The Applied Engineering team works across research, engineering, product, and design to bring OpenAI’s technology to consumers and businesses. We seek to learn from deployment and distribute the benefits of AI, while ensuring that this powerful tool is used responsibly and safely. Safety is more important to us than unfettered growth.

About the Role

As OpenAI continues to grow, we are looking for experienced, problem-solving engineers to ensure our systems scale. Our success depends on our ability to quickly iterate on products while also ensuring that they are performant and reliable.

You will work in a deeply iterative, collaborative, fast-paced environment to bring our technology to millions of users around the world, and ensure it’s delivered with safety and reliability in mind.

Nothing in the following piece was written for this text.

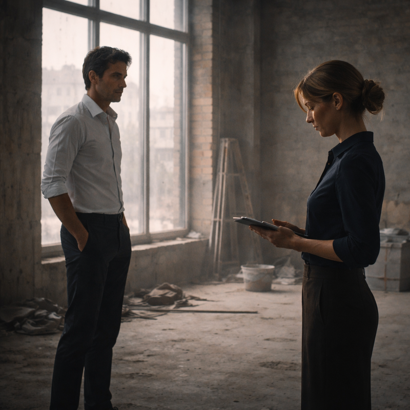 Мы пошли. Он показывал — профессионально, детально, с пониманием: вот зона ресепшена, вот коридор к переговорным, вот открытое пространство, которое нужно зонировать без потери объёма. Я слушала, делала пометки, задавала вопросы. Всё как положено. Всё как должно быть между заказчиком и подрядчиком.

Successful candidates will play a crucial role in ensuring the observability, reliability, scalability, and performance of our systems as we continue to expand. As an Observability Engineer, you will be at the forefront of maintaining and enhancing the stability, scalability, and performance of our rapidly evolving infrastructure. You will work closely with cross-functional teams, including software engineers, product managers, and data scientists, to build and maintain resilient systems that can handle our growing user base and workload. This role requires a blend of technical expertise, strategic thinking, and effective communication to ensure that systems are not only operational but also optimized and aligned with business goals.

In this role, you will:

Develop and maintain systems that allow for effective monitoring, logging, and tracing of software applications. This includes choosing appropriate tools and technologies, setting up dashboards, and ensuring the scalability and reliability of the observability infrastructure.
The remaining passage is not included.